Have you ever done these? I know you are long limbed too. I am stoping the bar at about chin level. It would be pointless to take it any lower imo.

I've only trained them three times now. I switched out JM presses for these. So far so good. I will use them as an them as an accessory lift until I stall. I plan on keeping the rep range high(er) for these.

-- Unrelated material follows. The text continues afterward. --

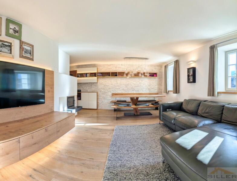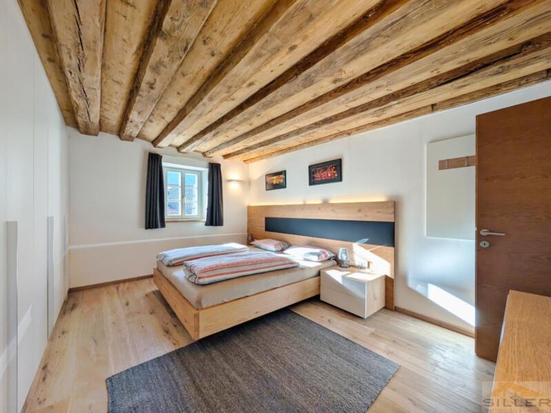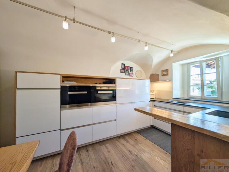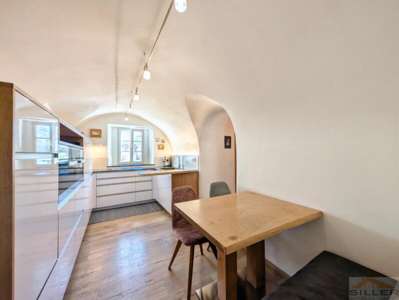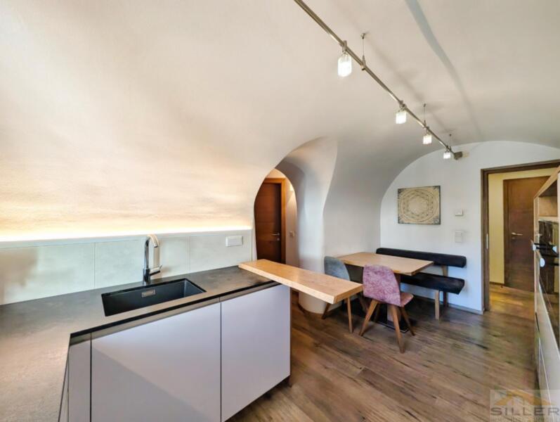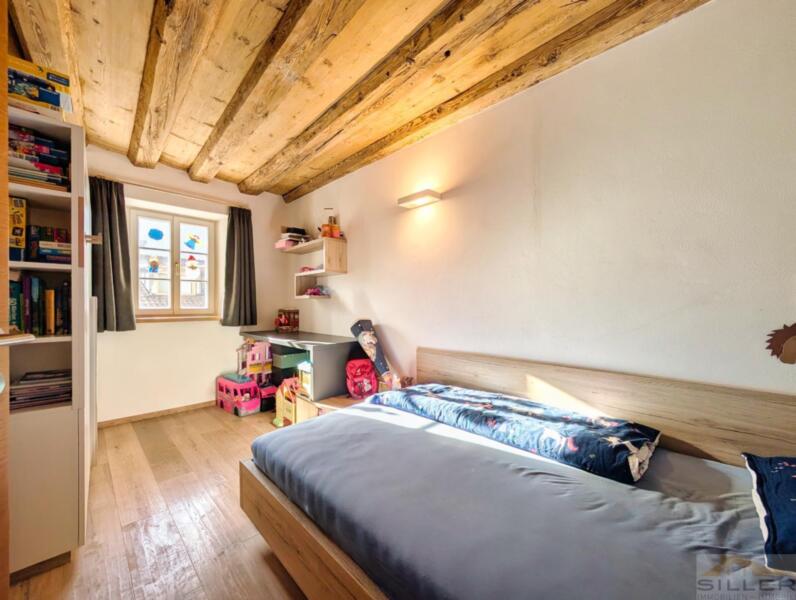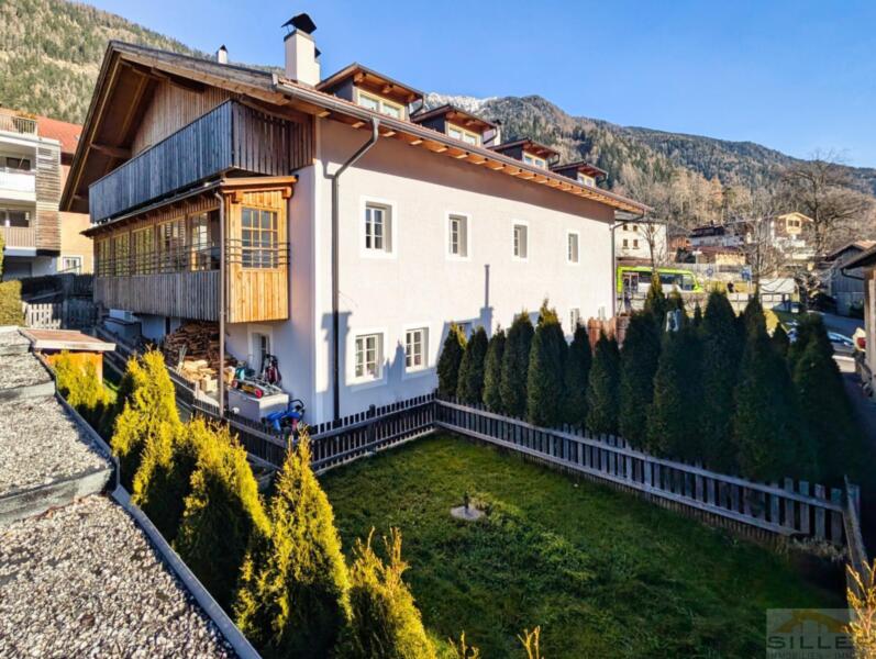 Trens hat sich das Dörfliche bewahrt: vertraute Gesichter, Kinder, die draußen spielen, und kurze Wege zu allem, was wichtig ist. Bank, Bäckerei, Geschäfte, Bushaltestelle, Vereinshaus und Gemeindeämter sind in maximal fünf Gehminuten erreichbar.Mittendrin steht ein denkmalgeschütztes Haus mit Wandmalereien, Gewölben und alten Holzbalken im Inneren – ein Gebäude nicht von der Stange, eines, das man nicht nachbauen kann.Die Wohnung erschließt sich ebenerdig und liegt talseitig im ersten Stock. Darunter öffnet sich ein privater Garten, der zur Wohnung gehört. Hinten das Dorfleben, vorne Ruhe im Grünen.Im Inneren erwartet Sie keine Standardausstattung, sondern die Handschrift eines Innenarchitekten: maßgefertigte Möbel in Küche und Schlafzimmern, ein großzügiges Wohnzimmer mit gemauertem Kaminofen sowie eine Wohnküche unter historischem Gewölbe. Drei Schlafzimmer bieten Platz für die Familie, zwei Bäder – eines davon mit Fenster – sorgen für entspannte Morgen.Eine hölzerne Veranda verbindet Innen- und Außenbereich, Keller und Garten runden das Angebot ab. Ein Stellplatz für zwei Fahrzeuge ist optional erwerbbar.Wer hier einzieht, kauft nicht nur eine Wohnung, sondern ein Stück echtes und einzigartiges Trens.

They a tri killer and they pump my upper chest even more so than incline DB presses. I've actually read in a few places that these are one of the best upper chest builders around. If you are into that sort of thing. I guess that is a different thread though:biggrin:

Yeah that makes sense, according to Charles Poliquin this is the most acurate exercise to measure someones upper body strength and he uses it on his structural balance tests.

I will be doing it the same way, as an assistance movement on Max effort day but on the 5-8 rep-range. Cool shit!